A more open trading system emerged in 1867 when, following the lead of the
United Kingdom, the United States and other European nations adopted the gold
standard at an international monetary conference in Paris. Its goal was to create a
common system that would allow for more efficient trade and prevent the isolationism of
the mercantilist era. The countries thus established a common basis for currency prices
and a fixed exchange rate system – all based on the value of gold.
Economic historian Barry Eichengreen argues that the recovery of the United
States really began when, having abandoned the gold standard, the US government
was able to free up money to spend on reviving the economy. Today, the world economy
operates based on what are called fiat currencies – currencies that are not backed by
precious metals and whose value is determined by their cost relative to other
currencies.
The Bretton Woods System inaugurated in 1944 during the United Nations
Monetary and Financial Conference to prevent the catastrophes of the early decades of
the century from reoccurring and affecting international ties – a network of global
financial institutions that would promote economic interdependence and prosperity.
The 730 delegates at Bretton Woods agreed to establish two new institutions.
The International Monetary Fund (IMF) would monitor exchange rates and lend reserve
currencies to nations with balance-of-payments deficits. The International Bank for
Reconstruction and Development, now known as the World Bank Group, was
responsible for providing financial assistance for the reconstruction after World War II
and the economic development of less developed countries.

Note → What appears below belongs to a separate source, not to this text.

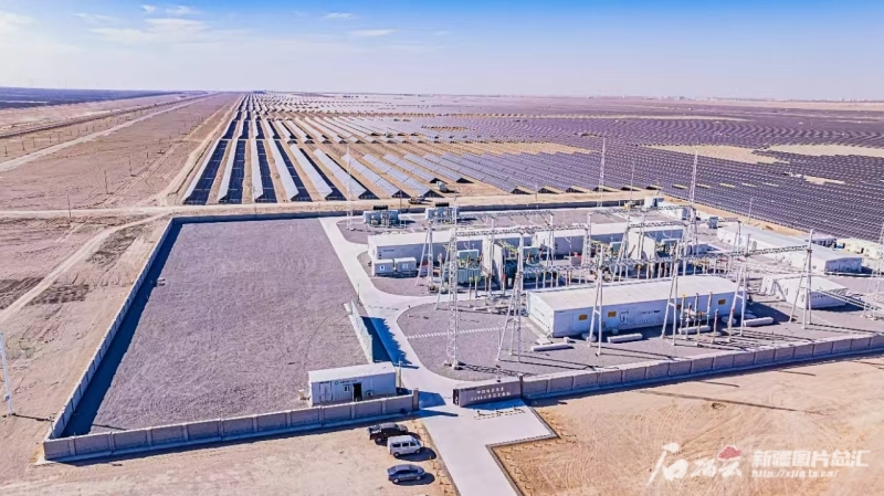 中国绿发新疆中绿电若羌400万千瓦光伏项目断路器顺利合闸,标志着我国单体容量最大“沙戈荒”光伏项目并网成功。施新蕾摄

The high point of global Keynesianism came in the mid-1940s to the early 1970s.
During this period, governments poured money into their economies, allowing people to
purchase more goods and, in the process, increase demand for these products. As the
demand increased, so did the prices of these goods.

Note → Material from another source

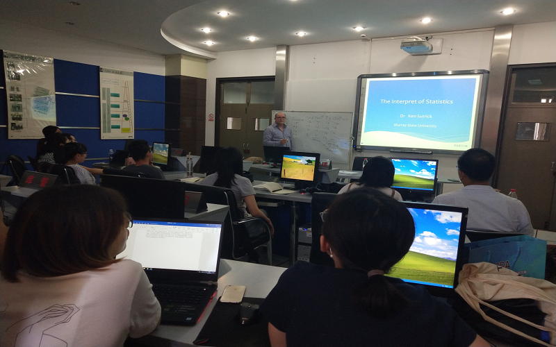5月30日上午,美国默里州立大学肯(Kenneth H. Sutrick)教授应数学与统计学学院邀请,在C411教室作题为“The Interpret of Statistics”的专题报告。报告会由数学与统计学学院院长梁建英主持,学院部分老师及研究生共30余人到场聆听。

The stock market crashed in 1973-1974 after the United States stopped linking
the dollar to gold, effectively ending the Bretton Woods System. The result was a
phenomenon the Keynesian economics could not have predicted – a phenomenon
called stagflation, in which a decline in economic growth and employment (stagnation)
takes place alongside a sharp increase in prices (inflation).
Economists like Milton Friedman used the economic turmoil to challenge the
consensus around Keynes’s ideas. What emerged was a new form of economic thinking
that critics labeled neoliberalism. From the 1980s onward, neoliberalism became the
codified strategy of the Unites States Treasury Department, the World Bank, the
International Monetary Fund, and eventually the World Trade Organization – a new
organization founded in 1995 to continue the tariff reduction under the GATT. The
policies they forwarded came to be called the Washington Consensus. Its advocates
pushed for minimal government spending to reduce government debt.